Ногайцы уже стояли у скотьего загона, переругиваясь с казаками.

Засекин обернулся, крикнул:

— Чего там у вас?!

К воеводе подбежал Семён Кольцов:

— Ногайцы скотину свою признали, забрать хотят, а казаки не отдают. Пришлось стрельцов между ними поставить. Иные посольские люди кричат, требуют всё, что в набеге взято, вернуть...

Договорить голова не успел. Шумная толпа ногайцев подкатила к воеводе и атаману. Засекин успокоил послов, повернулся к Мещеряку:

— Отдать надо скотину и всё отнятое. По-доброму.

Желваки на лице атамана задёргались.

— Овсяночку манят — семечки сулят, а когда приманят — и торичка в честь. Скотина приведена нами для прокорма, да и её небогато. В Самаре-то припасы скудные.

Губы на красивом лице князя скривились.

«Подначил-таки, сучий сын, припомнил первый разговор».

Мещеряк продолжал:





— И добро не отдадим, добыча воинская. Да и набег не по наущению ли людей государевых содеян?!

Ногайцы загомонили вновь, подступили к воеводе с упрёками. Казаки, опасаясь, что гнев ногайцев перекинется на Мещеряка, сгрудились около атамана с оружием. Число служилых и ногайцев вполовину меньше, чем казаков. Засекин решил уступить. Бросив Мещеряку: «Завтра потолкуем», увёл своих людей в крепость.

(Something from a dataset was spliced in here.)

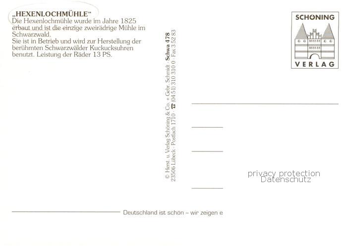 73789527 Furtwangen Hexenlochmuehle ist in Betrieb und wird zur Herstellung der beruehmten Schwarzwaelder Kuckucksuhren benutzt postalisch nicht gelaufen Erhaltung siehe scans [WerneD78] KatCode: 11110008326017

Ночь для атамана, впрочем, как и для его повольников, выдалась неспокойная. Оружие держали наготове. Опасались, не захотел бы воевода наказать казаков за неповиновение. Не знали, что и воеводе пришлось помучиться от бессонницы. Раздумья лишили сна, лезли в голову, вопрошали, требовали ответа. «Что делать? На чью сторону встать? И казаки нужны, и с ногайцами мир. Кто важнее Москве? Что там скажут обо мне? Вдруг объявят негодным воеводой, а там и до опалы дойдёт. Годунов не так кровожаден, как батюшка нынешнего царя, но неугодных людей не щадит и расправляется с ними скоро. Нет, не должно. Доселе о каждом своём шаге, о каждом событии докладывал, слал гонцов в Москву. Испрашивал советов и приказов, прежде всего не от государя, а от ближнего его боярина, настоящего правителя Руси, Бориса Годунова. Он, Борис, живо интересовался Самарой, так как уже давно ратовал за возведение городков на Волге, для бережения торгового пути и границ Русского государства».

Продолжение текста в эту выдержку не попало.